An poem using onomatopoeia in response to a dVerse Poets Pub prompt and the seemingly never-ending and scarily violent storms happening right now in our area.
![](https://i0.wp.com/glovergardens.com/wp-content/uploads/2016/05/lightning.jpg?resize=1000%2C647&ssl=1)
6 Days without Power and Now This?
snap-crackle-pop
i wish this lightning would stop
thunder’s sonic boom
is impacting my Zoom
frequent power outages
spawn my shoutages
to mother nature - ayee!
can’t you let us be??
i’ve got work to do
and am tired of you
- the endless stormer -
downing trees and transformers
slap-slap rain and gloom
darken my working room
swooshing rising creek
threatens flooding by noon
mother nature - ayee!
can’t you let us be??
i’ve got work to do
and am tired of you
- the endless stormer -
downing trees and transformers
******
but please, come back
(sorry for the attack)
i just want your gentle kiss
and no more of … this
Storms, we’ve had storms! Two weeks ago yesterday, it was bad, bad, bad. We were left without power for 6 days and one hour – but we were so grateful not to have property damage and not to be harmed (others weren’t so fortunate). The storms raged back this week, three times, on three different days, and they are scary. Trees can be weapons during flooding and storms, as we learned years ago, shown in the post below about our big bad bang of trees falling on the house in 2016.

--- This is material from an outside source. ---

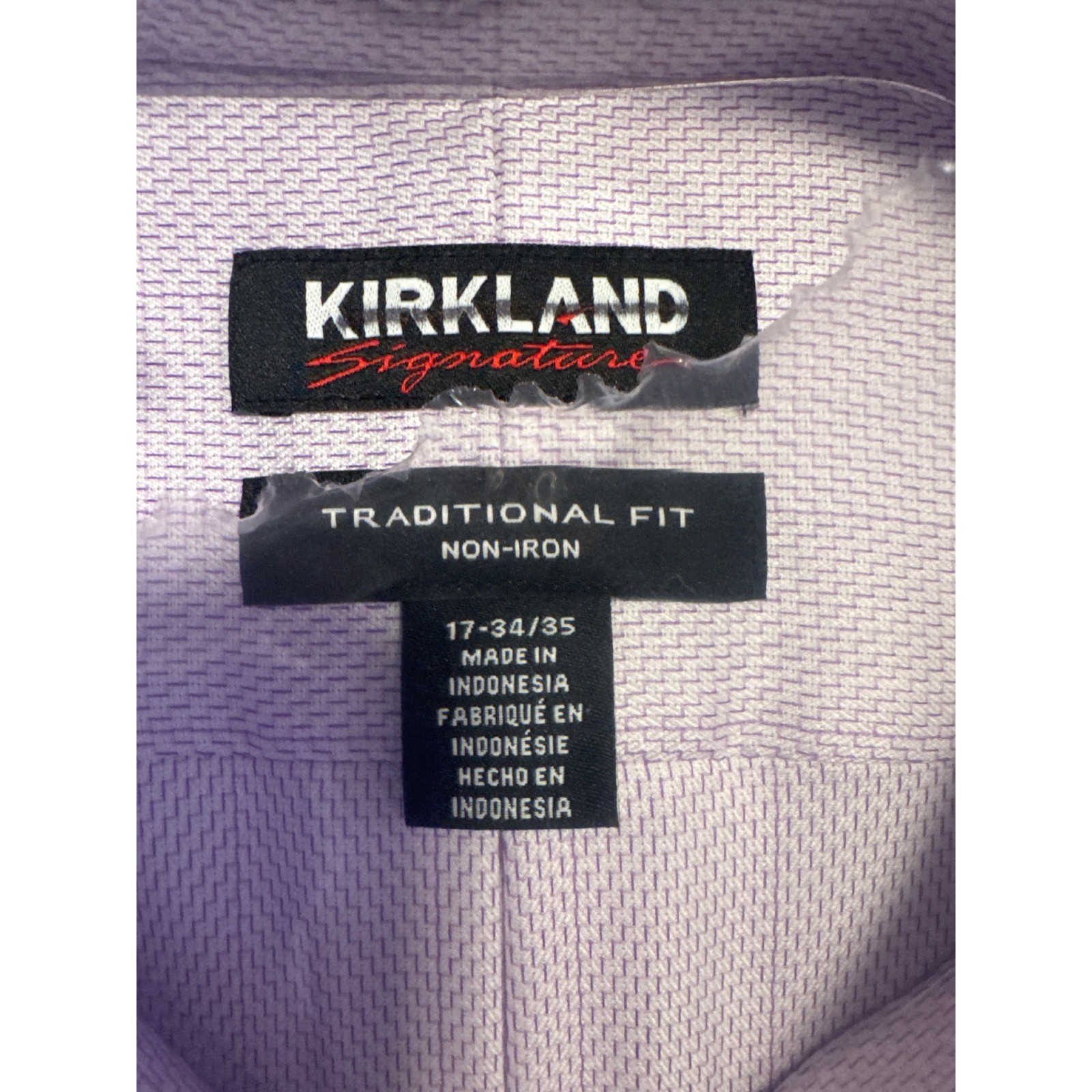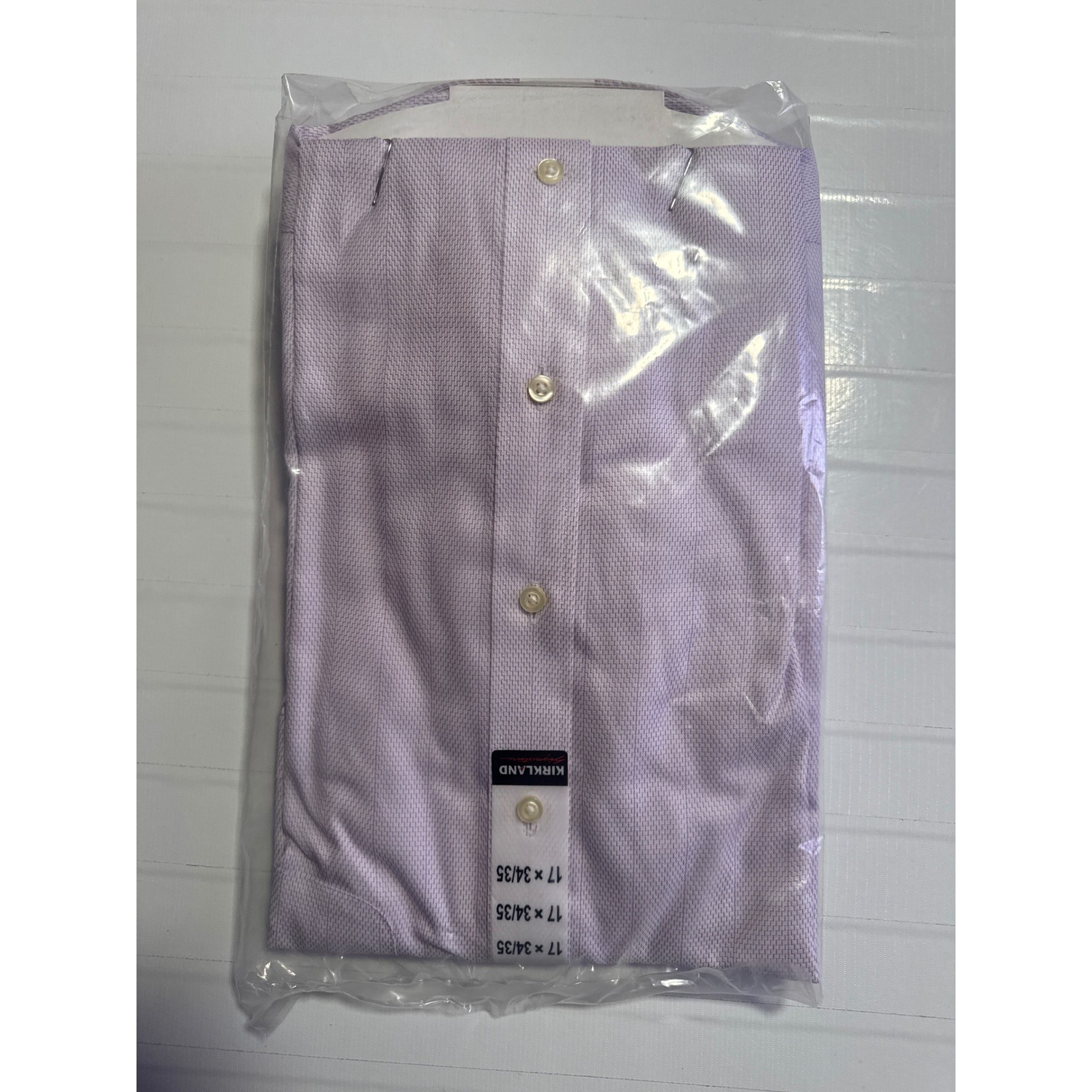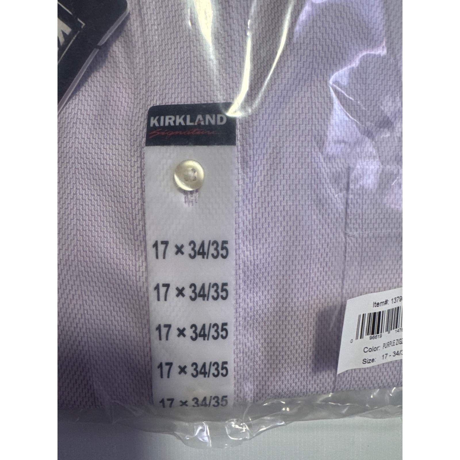 Kirkland Signature Mens Dress Shirt Purple Zigzag Stripe Non-Iron 17 34/35 NEW

We haven’t had any trees fall on the house this time, but the fear remains. So when I saw this morning that the dVerse Poets Pub prompt from Bjorn yesterday was about writing a poem using onomatopoeia, and we were in the midst of a big lightning storm, the first lines of this poem immediately popped into my head.
snap-crackle-pop
i wish this lightning would stop
Do I sound melodramatic? Check out what Wednesday’s lightning storm did to a tree about ¼ mile from us:
I’m not really mad at Mother Nature, as the poem suggests. I know this isn’t her preference.
© 2024, Glover Gardens
Ayee! That poor tree! ⚡️
Ayee! is sometimes all you can say.
So scary, and so much devastation that a storm can create… also scary we are so dependent of power these days. The vulnerability is really too large (but it will cost to protect us)
Yes, you have nailed it. The feeling of helplessness, nay powerlessness, was rampant. Everything we do is based on power and technology.
Oh, that’s horrific what happened to the tree!
frequent power outages
spawn my shoutages….. love that and can well see (hear) why
Oh dear…dramatic yes….but the evidence is clear….
You had quite a storm. Great for your poem. Not so great for you. That must have been a hot lighting strike on that burning tree!
Yes! A phenomenon that’s unpleasant about pine trees is that they can LOOK normal, but BE diseased. This one was dead inside, dry and probably eaten up by pine beetles, which is why is became tinder so fast. We have lost over a dozen pine trees in as many years here at Glover Gardens, but we still have 17, and I look at them daily wondering which ones are treacherous. I hate feeling that way, because I LOVE trees… but when they can land on your house, it’s different. Thank you for reading and commenting!
You are welcome! Nature is doing your culling out of the bad pines for you. It always sad to loose a tree.